*1213Appeal from an order of the Family Court, Wayne County (John B. Nesbitt, J.), entered August 20, 2003 in a proceeding pursuant to Family Ct Act article 6. The order modified a prior order of visitation.
It is hereby ordered that the order so appealed from be and the same hereby is unanimously affirmed without costs.

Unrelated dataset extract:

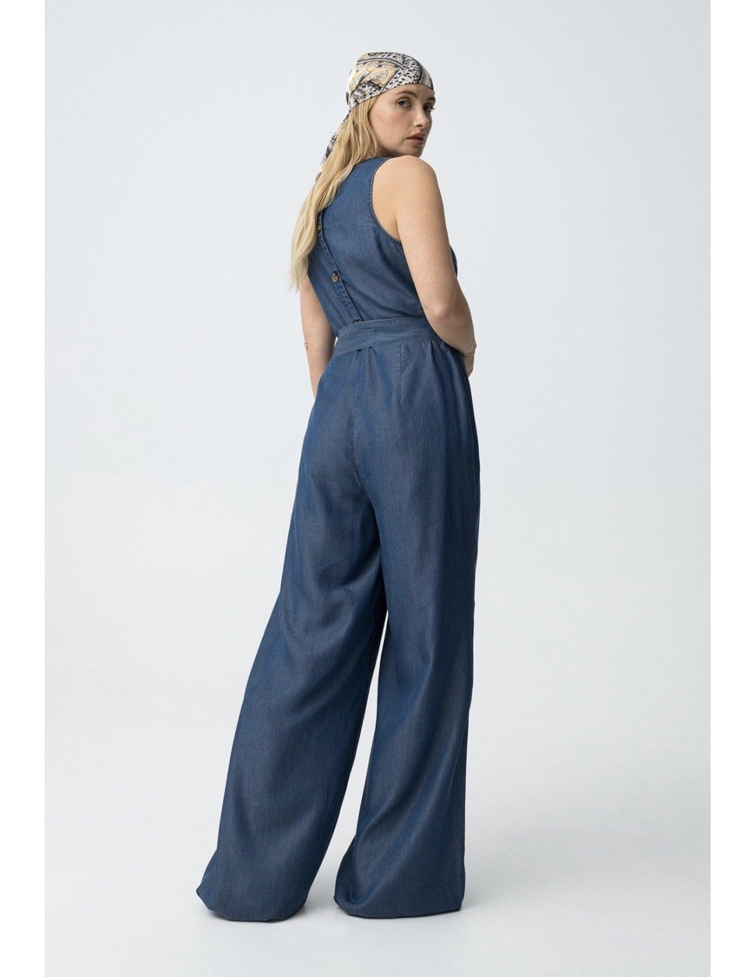 Mono azul oscuro de corte ancho, sin mangas, escote redondo y cinturón del mismo tejido.

Memorandum:Petitioner, an inmate at Groveland Correctional Facility, commenced this proceeding seeking modification of the visitation provisions of a prior order. Family Court properly denied that part of the petition seeking an expansion of visitation from once a month to twice a month. “Where an order of custody and visitation is entered on stipulation, a court cannot modify that order unless a sufficient change in circumstances—since the time of the stipulation—has been established, and then only where a modification would be in the best interests of the children” (Matter of Watts v Watts, 290 AD2d 822, 823-824 [2002], lv denied 97 NY2d 614 [2002]). Petitioner failed to demonstrate a change in circumstances warranting modification or that expanding visitation would be in the children’s best interests (see Matter of Folsom v Folsom, 286 AD2d 830 [2001], lv denied 97 NY2d 606 [2001]; Matter of Davis v Davis, 232 AD2d 773, 773-774 [1996]). We reject the contention of petitioner that he was denied effective assistance of counsel (see Matter of Schimmel v Schimmel, 262 AD2d 990, 991 [1999], lv denied 93 NY2d 817 [1999]). Present—Pigott, Jr., P.J., Green, Pine, Gorski and Lawton, JJ.